Tesla 2026.21.100 Brings FSD v14.2.2.6 to Dutch Initial Cohort

Tesla’s firmware 2026.21.100, carrying FSD (Supervised) v14.2.2.6, reportedly began downloading to an initial group of owners in the Netherlands during the early hours of July 10, 2026. The release moves participating Model 3, Model Y, Model S, and Model X vehicles onto Tesla’s 2026.20+ software branch. For owners, the immediate advice is straightforward: set the update preference to Advanced, keep the vehicle connected to reliable Wi-Fi, confirm that the expected entitlement appears for the car, and avoid beginning installation before a required journey.

Tesla drives through a Dutch city beside a tram and cyclist, with a software update overlay.Owner checklist​

  • Record the vehicle’s current firmware version, FSD version, and relevant driving settings before installation.
  • Check whether the expected FSD entitlement is visible for the vehicle in the Tesla app or on the vehicle’s software screen.
  • Set Controls → Software → Software Update Preferences → Advanced if receiving earlier releases is acceptable.
  • Leave the vehicle connected to stable Wi-Fi while waiting for and downloading the update.
  • Refresh the Tesla app screen or tap the software version under Controls → Software to check the displayed update status.
  • Reserve at least 45–90 minutes for installation, plus additional time for any calibration requested by the vehicle.
  • Do not start installation shortly before a journey.
  • Read the in-car release notes before attempting to use newly displayed functionality.
  • Begin any first evaluation on a familiar, low-complexity route.
  • Use the voice command “Report.” immediately after a clear, repeatable issue, once the vehicle is under safe control.

What is confirmed vs. not yet confirmed​

Confirmed in the rollout report
  • The rollout was reported on July 10, 2026.
  • The reported base firmware is 2026.21.100.
  • The reported FSD version is FSD (Supervised) v14.2.2.6.
  • Distribution began with an initial cohort, not the entire Dutch fleet at once.
  • The reported owner preparation path includes reliable Wi-Fi and the Advanced software-update preference.
Not yet confirmed
  • Public, official release notes for this specific Dutch package.
  • The exact FSD functions enabled on each participating vehicle.
  • A fleetwide distribution date.
  • Whether all listed models and hardware configurations will receive identical functionality.
  • Any future corrective firmware or FSD patch.
Owners should treat the update notification, in-car release notes, displayed controls, and actual post-installation behavior as the most relevant evidence for their individual vehicle.
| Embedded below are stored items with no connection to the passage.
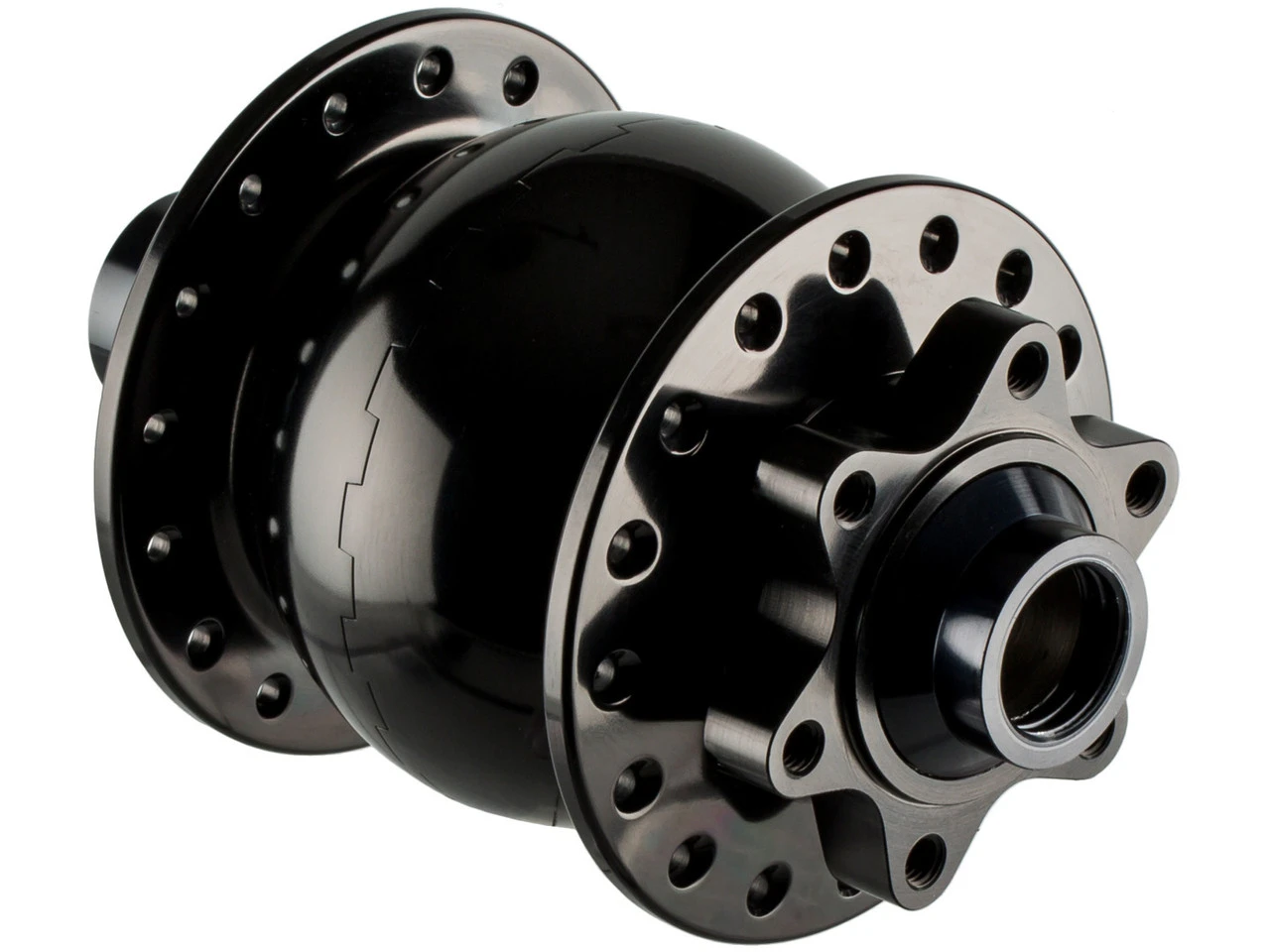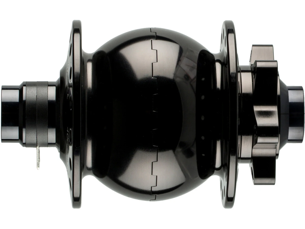 Dieser SON 28 Steckachs-Nabendynamo im Boost-Standard für 110 mm Klemmbreite hat zwei gleich große, symmetrische Flansche. Das macht den Laufradbau einfacher und das Laufrad steifer und stabiler.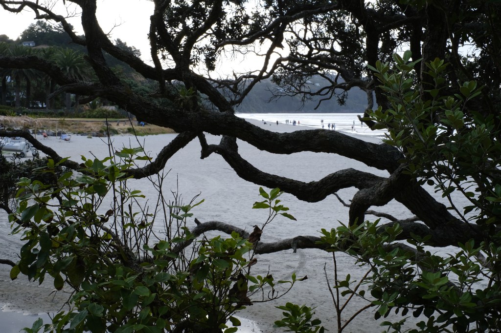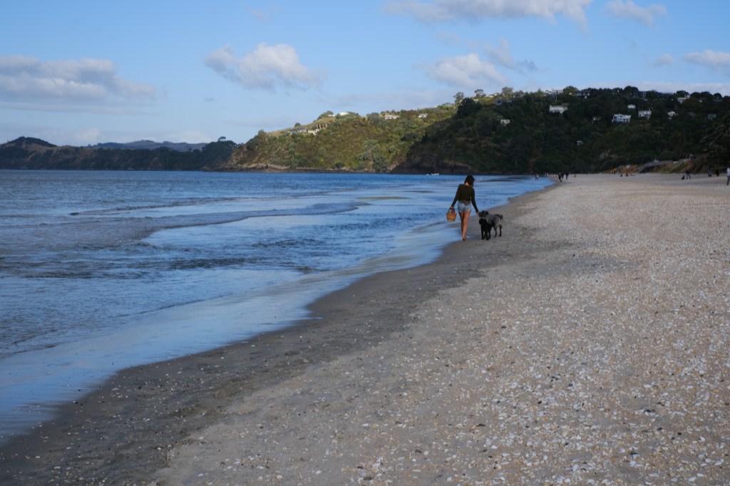 I walked back to the hostel as the wind picked up — NZ weather reminds me of San Francisco, where you kind of just have to carry a jacket at all times but also suddenly get really hot. I walked along Onetangi beach for an hour or two near sunset, playing with some good dogs along the way and finding a secret forest path that unfortunately led to a regular house and not a mystical water wizard hut.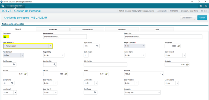 Los conceptos de tipo Remuneración deberán tener informado la cuenta de Cargo y/o Abono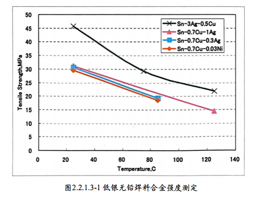 低银SAC三元合金焊料,常见的有SAC105、SAC0307两种,是业界为降低焊料成本而开发的替代合金配方。SAC105含银量1%±0.2%,含铜0.5%±0.1%,SAC0307含银0.3%±0.1%,含铜0.7%±0.1%。合金为非共晶焊料,熔点一般抓取227℃。SAC105、SAC0307合金通常不建议用于锡膏锡粉制作,可以用于波峰焊、选择焊锡条成份。(图2.2.1.3-1 低银无铅焊料合金强度测定 资料来源:日本焊接材料协会)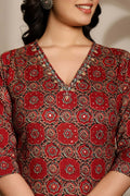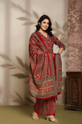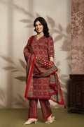 Maroon Printed Cotton 3-Piece Suit Set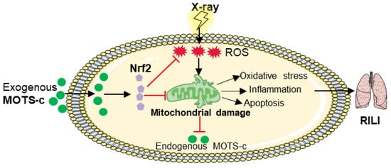 Radiation therapy often results in damage to normal lung tissue, presenting a significant challenge to its efficacy. It is crucial to find ways to mitigate or prevent adverse effects on the lungs caused by radiation therapy [31,32]. Our study shows that radiation induces the overproduction of ROS, leading to mitochondrial damage in a mouse model of RP. However, administration of MOTS-c, a mitochondria-derived peptide, can alleviate this detrimental effect. Additionally, MOTS-c protects against pulmonary inflammation, oxidative stress, and epithelial cell apoptosis in RP by preserving mitochondrial function. Through mechanistic investigations, we have determined that MOTS-c exerts its protective effects by activating the Nrf2 signaling pathway. Overall, our results suggest that MOTS-c mitigates RP by improving mitochondrial function through an Nrf2-dependent mechanism.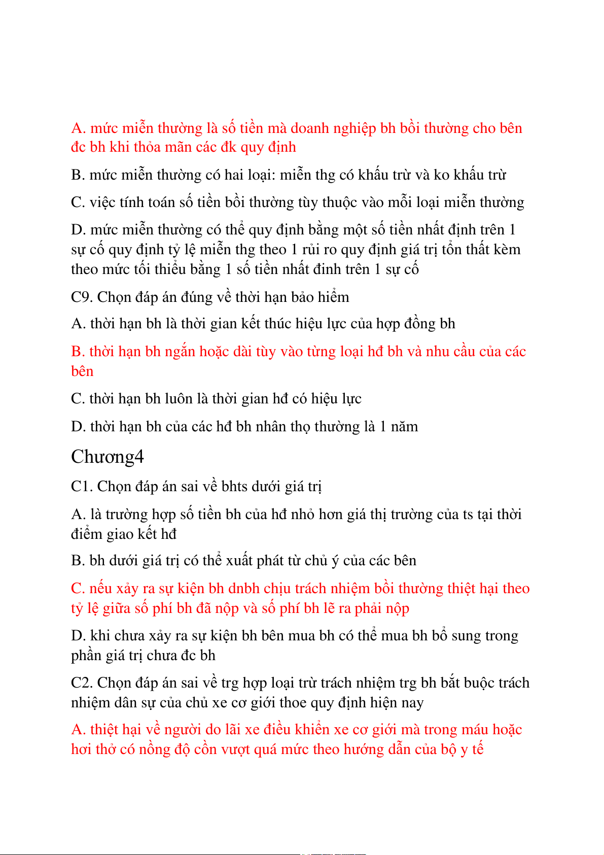 ủa các hđ bh nhân thọ t hường là 1 năm Chương4 C1. Ch ọn đáp án sai về i bhts dướ giá trị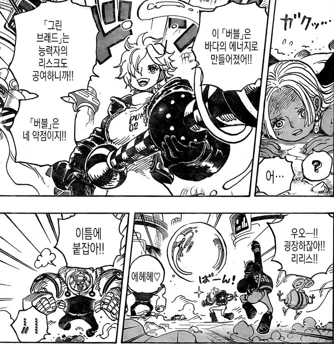 루피와 루치가 쿠마 세라핌에게 큰 기술을 날린다.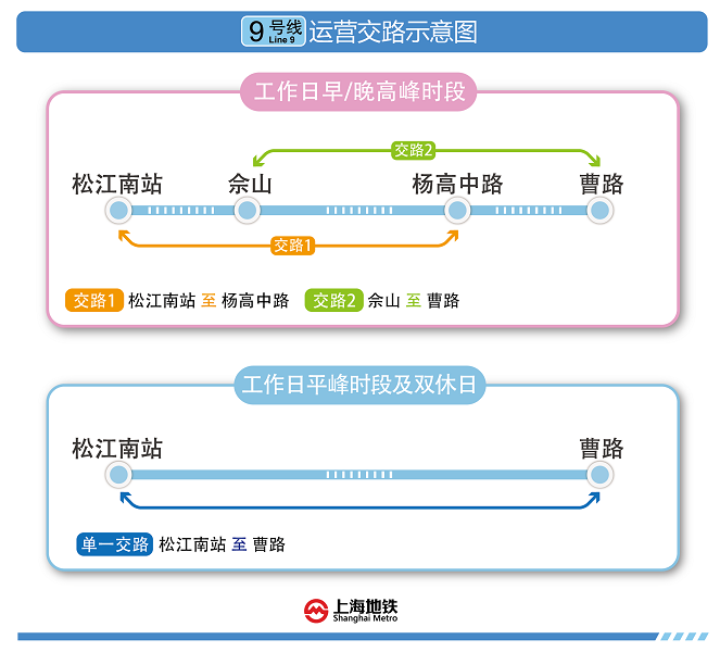 屆時(shí),工作日早晚高峰時(shí)段9號線列車開行雙交路,兩個交路分別為:松江南站站——楊高中路站,佘山站——曹路站;工作日平峰時(shí)段及雙休日、節(jié)假日,9號線全線開行單一交路,即:松江南站站——曹路站。
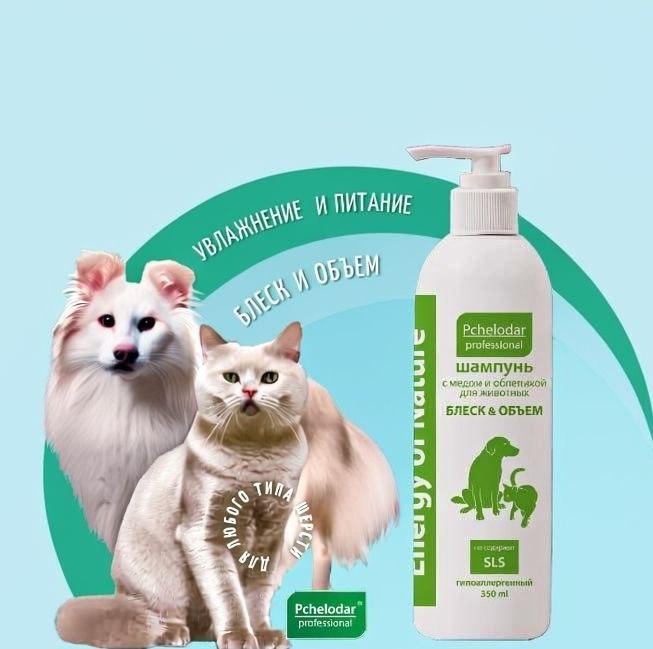 ПЧЕЛОДАР БЛЕСК И ОБЪЕМ шампунь для собак и кошек с медом и облепихой 350 мл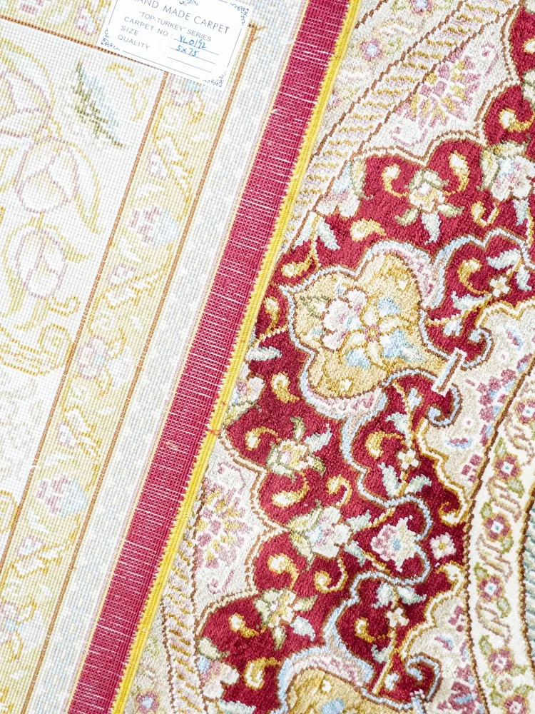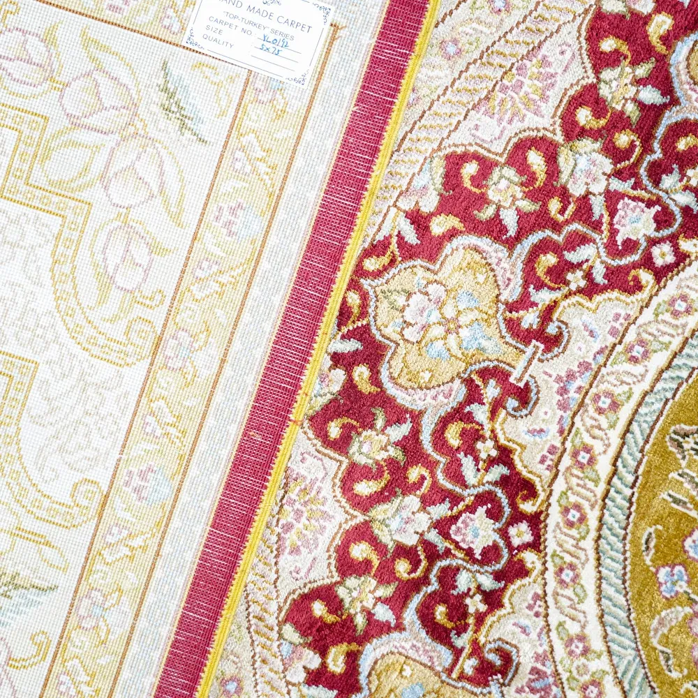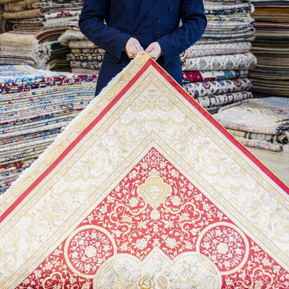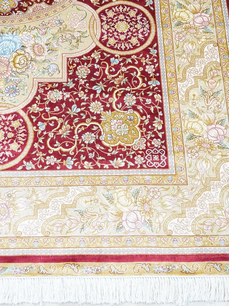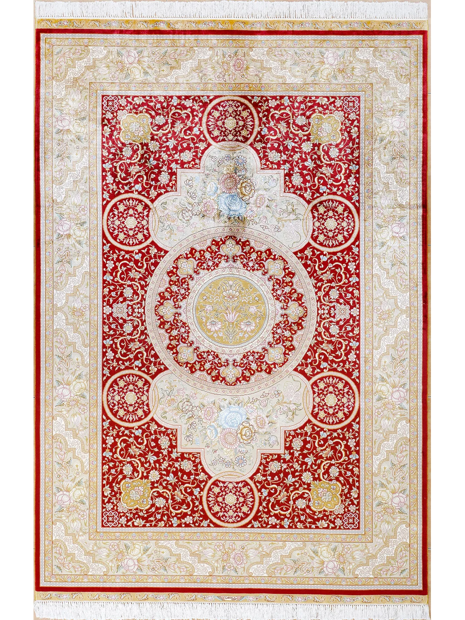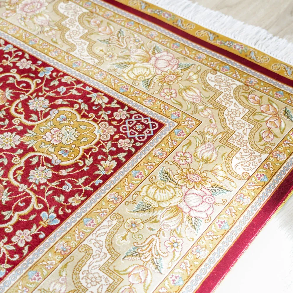 天匠の手作り本シルクカーペット - 鮮やかな赤色のペルシャ絨毯、リビングや寝室、書斎に最適!150x230cmのサイズで、高級感と温もりを演出します。あなたの空間を特別なものに変える一品です!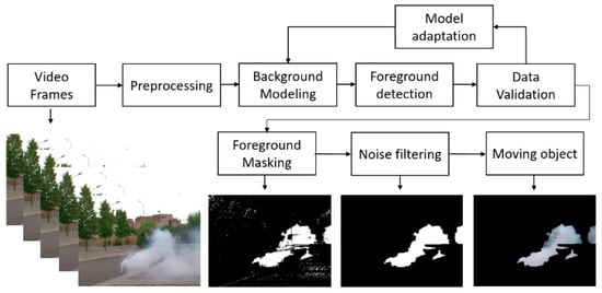 Many methods exist for the detection of smoke in the computer image processing sector. However, most of them experimented by combining several methods to improve performance and reliability. Most methods are similar to conventional smoke detection approaches. They include motion detection, a region of particle analysis, smoke volume energy [3,4,5]. Growth rate analysis from the dynamic volume of an increased number of smoke pixel has a great impact on detecting smoke. The differences in the efficacy of those algorithms are observed in different stages. All of the methods and techniques mainly consist of three steps: the preprocessing step; the smoke feature extraction step; and the smoke identification step.

The Real Milestone Is the Software Branch, Not the Branding​

BASENOR, citing The Tesla Newswire account @TeslaNewswire, describes the deployment as the first time FSD has reached Dutch customer cars in any form. No conflicting earlier Dutch customer deployment needs to be assumed here. Based on the information available, the report should be understood as a claim about the July 10 rollout rather than as independently verified proof covering every previous Tesla test or customer configuration in the Netherlands.
The reported package combines base firmware 2026.21.100 with FSD (Supervised) v14.2.2.6. That pairing is more informative than either number in isolation because it identifies both the underlying vehicle-software branch and the reported driving-system version.
It does not, however, provide a complete specification of what a Dutch owner will receive. A matching FSD version label does not by itself establish that every control, maneuver, warning, or operating condition seen in another country will appear in the Netherlands. Until Tesla provides release-specific public documentation, owners should avoid using reports from North American vehicles as a definitive guide to the Dutch build.
The practical distinction is simple: a version number identifies software, while the vehicle’s own notes and controls show what that software currently makes available to that car. If a control is absent after installation, a screenshot from another owner does not create eligibility. If an in-car warning imposes a limitation, a broader description posted online does not override it.
This makes the 2026.20+ branch transition the clearest technical milestone supported by the rollout report. FSD branding may attract the most attention, but the branch assignment determines the package being downloaded and installed. The exact changes included beyond the reported FSD version remain unconfirmed until they are documented in the vehicle or in official release notes.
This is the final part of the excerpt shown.